§ Task to complete: Below are entries. Give back exactly the lines from the one containing "Scholars Indian Private" through the one containing "A mother with", inclusive, without the pictures.

§ Records to use:
'''

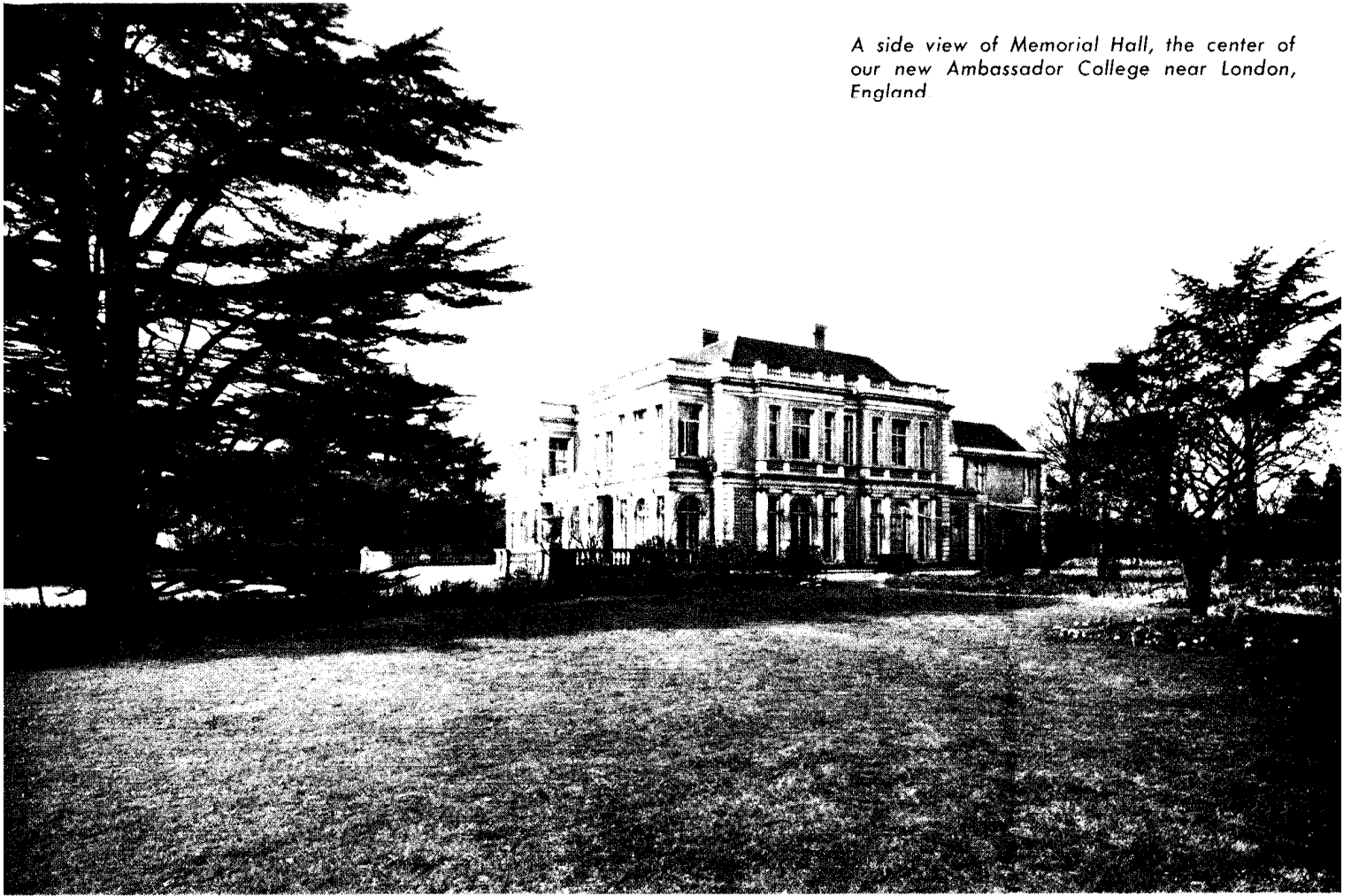
A side view of Memorial Hall, the center of our new Ambassador College near London, England.
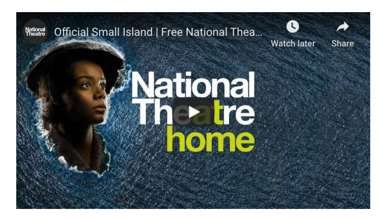
Small Island 2 hours 55 minutes
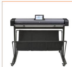
Low stand for side-by-side
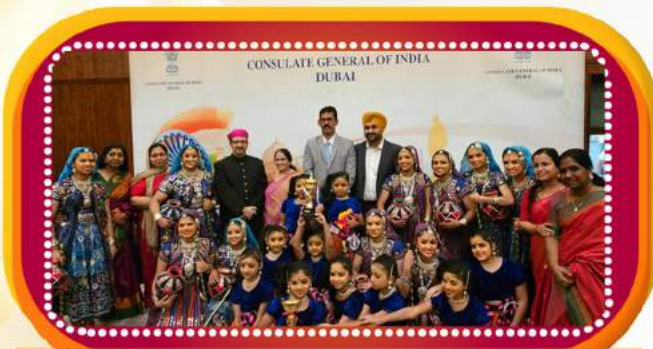
Senior & Junior students have bagged first & second prizes in their respective categories in the International Dance Fest jointly organized by Act Universe and India Consulate, Dubai.

Scholars Indian Private School serves as a fertile ground for nurturing a multifaceted skill set among its students, extending far beyond the confines of the classroom. By immersing participants in diverse inter-school competitions, the institution not only broadens their horizons but also fosters a deep-seated cultural appreciation and understanding. Sending students to engage in these contests is akin to embarking on a voyage for gold; for upon their return, they not only bring back trophies but also the gleam of triumph. Herein lie the tales of several teams from our school who, like adding another string to our bow, have gracefully embellished our collective achievement.
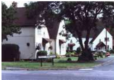
Smedley Crooke Place; A well designed small development and associated planting

Some of the older houses along the A441 were built end-on to the road, so that their front and back faced north and south.
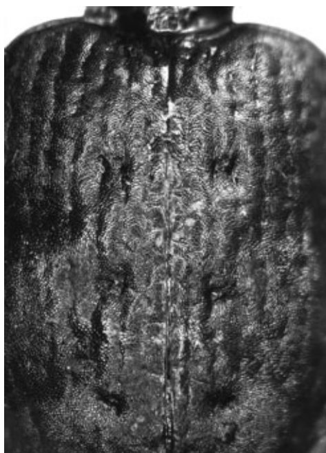
Fig. 3. Scopodes arfakensis , spec. nov. Microstructure of the elytra.

remarkably irregular around the discal foveae. Due to the strong microreticulation surface comparatively dull. Pilosity sparse, erect, very short. Marginal pores comparatively large, contrastingly coloured. Metathoracic wings very short.
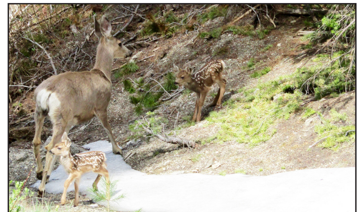
Twin fawns with their mother.

If you find a baby bird, duckling, squirrel or other critter, the best approach is to leave it undisturbed. Only move the animal if it is in harm's way, like found wandering in the road for example. Placing baby birds in a shrub or on a tree branch will help them avoid house cats. Don't fret about
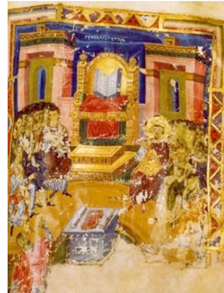
Fig. 2 First council of Constantinople, from Gregory of Nazianzus, Homilies , MS Paris, Bibliothèque Nationale, grec 510, f. 335r (ca. 880).
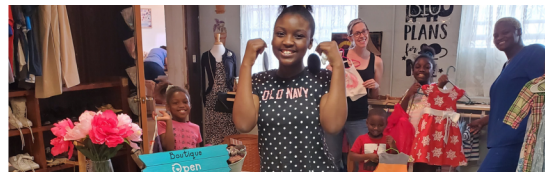
FREE BOUTIQUE OPENING - JUNE 2021
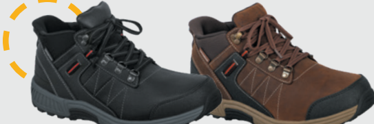
Men's Dalton, page 21
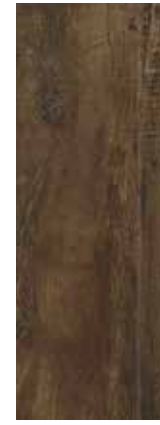
country oak 54880
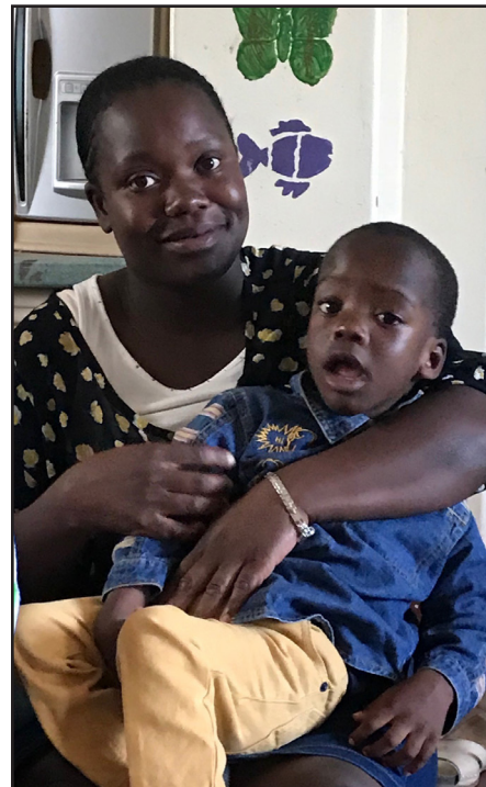
A mother with her son who has cerebral palsy at the Children's Rehabilitation Clinic.

We helped construct one of the two new classrooms, occasionally baffling the school staff and visiting parents who wondered why these older people were working so hard when we should be relaxing, retired. And really baffling the men when our women shoveled gravel, pushed a loaded wheelbarrow, or moved bricks.
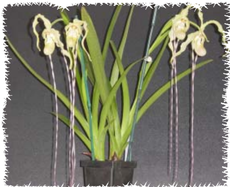
Phrag. Green Dragon

Many growers emphasize good water quality-rainwater,

'''

§ Answer area:
Scholars Indian Private School serves as a fertile ground for nurturing a multifaceted skill set among its students, extending far beyond the confines of the classroom. By immersing participants in diverse inter-school competitions, the institution not only broadens their horizons but also fosters a deep-seated cultural appreciation and understanding. Sending students to engage in these contests is akin to embarking on a voyage for gold; for upon their return, they not only bring back trophies but also the gleam of triumph. Herein lie the tales of several teams from our school who, like adding another string to our bow, have gracefully embellished our collective achievement.
Smedley Crooke Place; A well designed small development and associated planting

Some of the older houses along the A441 were built end-on to the road, so that their front and back faced north and south.
Fig. 3. Scopodes arfakensis , spec. nov. Microstructure of the elytra.

remarkably irregular around the discal foveae. Due to the strong microreticulation surface comparatively dull. Pilosity sparse, erect, very short. Marginal pores comparatively large, contrastingly coloured. Metathoracic wings very short.
Twin fawns with their mother.

If you find a baby bird, duckling, squirrel or other critter, the best approach is to leave it undisturbed. Only move the animal if it is in harm's way, like found wandering in the road for example. Placing baby birds in a shrub or on a tree branch will help them avoid house cats. Don't fret about
Fig. 2 First council of Constantinople, from Gregory of Nazianzus, Homilies , MS Paris, Bibliothèque Nationale, grec 510, f. 335r (ca. 880).
FREE BOUTIQUE OPENING - JUNE 2021
Men's Dalton, page 21
country oak 54880
A mother with her son who has cerebral palsy at the Children's Rehabilitation Clinic.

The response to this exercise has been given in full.